Slope-Streaked Knob: This Mars Global Surveyor (MGS) Mars Orbiter Camera (MOC) image shows dark slope streaks coming down the slopes of a knob in western Amazonis Planitia. All of the surfaces in this image are mantled by dust. On the slopes, mass movement of dry dust has created the streaks. May 28, 2005
NASA/JPL-Caltech/MSSS

Water Features

A panoply of high-resolution images showed gullies and debris flows. These images suggest that occasional sources of liquid water, similar to an aquifer, were present at or near the Martian surface – even in relatively recent times.

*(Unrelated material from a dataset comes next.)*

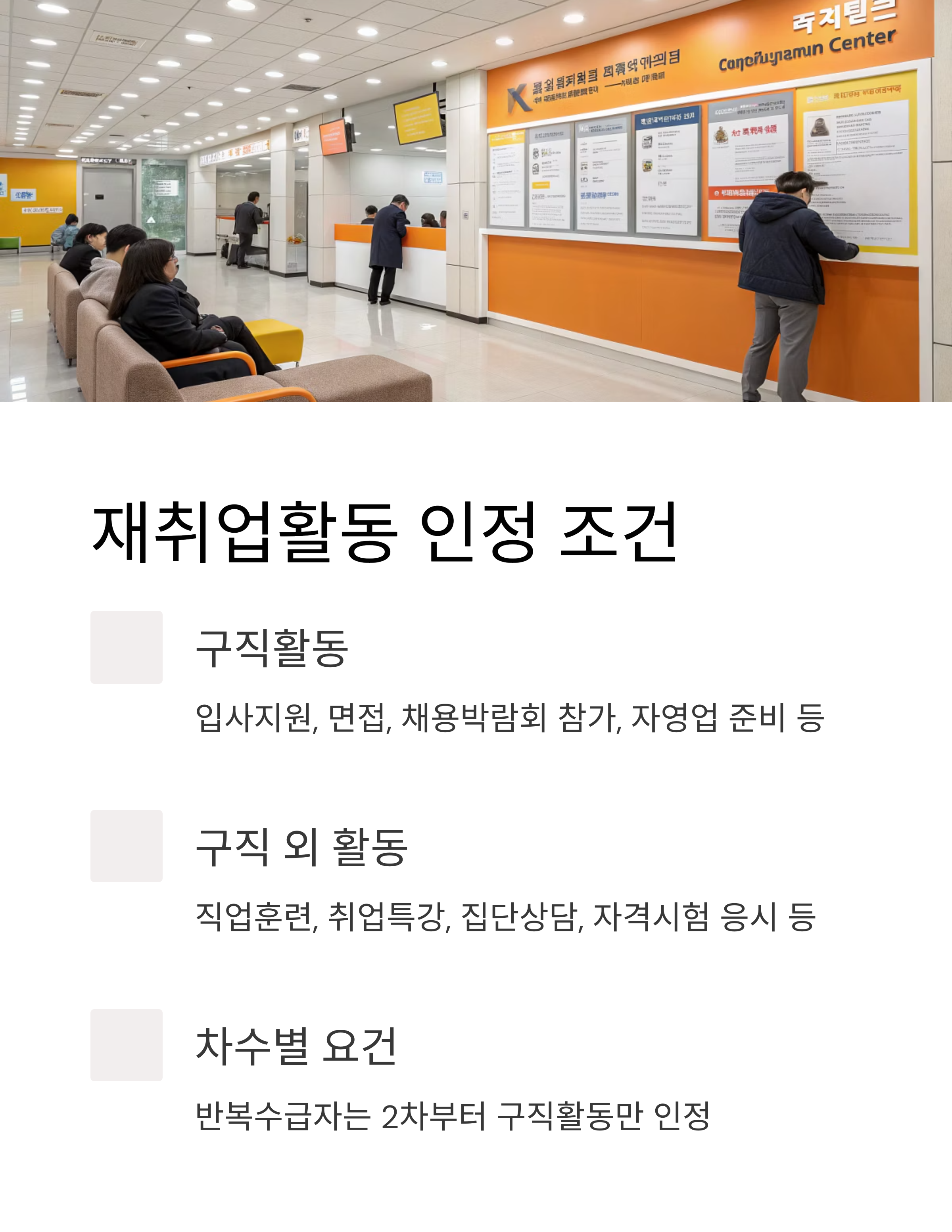 - 반복수급자(5년 내 3회 이상)는 2차부터 구직활동만 인정, 장기수급자는 5차부터 구직활동 1회 필수, 8차부터 구직활동만 인정

This overhead view of a Martian crater shows the upper-left quarter of the crater – its rim and the walls descending to the floor below. The rim and floor appear as a bright yellow-orange, while the wall is in various darker shades culminating in a deep rust color at the bottom where it meets the wall. The rim is fairly smooth while the walls are grooved with straight and slightly curved lines until they meet the crater floor, making the scene look like the underside of a mushroom. The crater floor is somewhat uneven, highlighted by a ribbon of bright yellowish-orange terrain, undulating from the middle of the bottom frame of the image toward the right edge of the frame, where it ends at in the lower quarter.
Newton Crater is a large basin on Mars, about 178 miles (287 kilometers) across, formed by an asteroid impact more than 3 billion years ago. This picture shows the north wall of a specific, smaller crater within Newton Crater. About 4.4 miles (7 kilometers) across, this smaller crater is still about seven times bigger than the famous Meteor Crater in northern Arizona. The image shows many narrow gullies eroded into the smaller crater’s north wall – thought to have been formed by flowing water and debris. Small channels in many of the finger-like deposits at the base of the crater indicate that a liquid – most likely water – flowed in these areas, with possibly hundreds of individual events carving these features. If the deposits shown in this image are like debris flows on Earth, researchers estimate that each event carried about 660,000 gallons (2.5 million liters) of flowing water, or enough to fill about seven community-sized swimming pools. This picture is a mosaic of three images captured by the Mars Global Surveyor’s high-resolution Mars Orbiter Camera from January-May 2000.
NASA/JPL/MSSS

Mars is Dynamic

Numerous observations over several years showed that Mars' history includes seasonal and long-term change. The spacecraft viewed gully formation, new boulder tracks, recently formed impact craters, and diminishing amounts of carbon-dioxide ice within the south polar cap.

Magnetic Discoveries

Magnetometer readings showed that while Mars has no global magnetic field, it does have localized magnetic fields in areas of its crust.

Meteoroid History

Temperature data and closeup images of the Martian moon Phobos determined that the moon is covered by powdery material at least 3 feet (1 meter) thick – the pulverized output of millions of years of meteoroid impacts.

Other Science

The mission yielded the first 3D views of Mars' north polar ice cap. Radio transmissions refracted by the Martian atmosphere enabled scientists to create vertical profiles of atmospheric temperature and pressure. Spacecraft accelerations due to gravity helped scientists better understand the Mars interior.